I came across Stéphanie’s work when she published this great blog post on color accessibility. We talk about web accessibility in general and other aspects to consider like images, emojis, accents, and how to use screen readers. It’s a topic that many of us have probably not thought about hard enough.
I would be interested to hear about the techniques, strategies, and tools you use to make your content accessible to more people. Please drop me a note in the comment section below or reach out on Twitter.
Stéphanie’s post on color accessibility
The Domino’s web accessibility court case
Support the Show
This show is completely listener-supported. There are no ads on the show notes page or in the audio. If you would like to financially support the show, please check out my Patreon page, where just for a few bucks a month, you can get a sneak peek at guests, grab stickers, or even a podcast mug. Your support helps me cover audio editing services, transcription services, and more. You can also support the show by sharing it with others and reviewing it on iTunes or your favorite podcast provider.
Jon Schwabish: Hi everyone. Welcome back to the PolicyViz podcast. I’m your host, Jon Schwabish. I hope you’re well. I hope it’s not too cold where you are. The weather is kind of up and down here in DC, but we are home to the world champion Washington Nationals, so we’ll take that.

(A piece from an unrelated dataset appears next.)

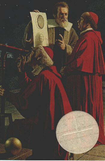 With these discoveries Galileo became a convinced Copernican, and crBlipded to gain Roman Catholic Church acceptance of the theory. Attempting to convince skeptical prelates, he explains the lunar mountains and moons of Jupiter. When the Church proved unyielding, Galileo became abrasive; finally the Inquisition forced him to admit "errors" to avoid torture. But even that failed to still his questing mind. Before his death in 1642 Galileo explored a wide range of mechanics, from the movements of pendulums to those of falling bodies.

On this week’s show, I’m excited to have Stéphanie Walter joined me. Stéphanie had a post a while back a bit ago about making your visualizations and your designs color accessible to people who might have a color vision issues or might have intellectual disabilities or might have other constraints that they need to interact with your website or with your tools or with your software or whatever it is. So I was really interested to hear what she’s thinking about when it comes to accessibility because I’m of course thinking about it when it comes to data visualization, how do we make our scatterplots and how do we make our slip charts and how do we make all of the visualization tools that we create and publish, how do we make them accessible to folks who need to use them and may have some other needs when it comes to working with a website. So we chatted for awhile and I hope you’ll enjoy the show.
Before we get to that, don’t forget that I do rely on the support of my listeners. So if you would like to share the show with other folks in your social networks or with your friends, or even call your folks up and tell them that the show is great I’d love to do that. I’d love to see that happening and if you’d like to support the show financially, that’d be great. I’ve set up a couple of new tiers over at Patreon. So you can go over on checkout what goodies you can get if you’d just like to support the show with three or five bucks a month something like that. It helps me cover all the costs associated with the show. So I’m really thankful for the folks that are my current Patreons and we’d love to see some more so I can keep bringing this show to every other week.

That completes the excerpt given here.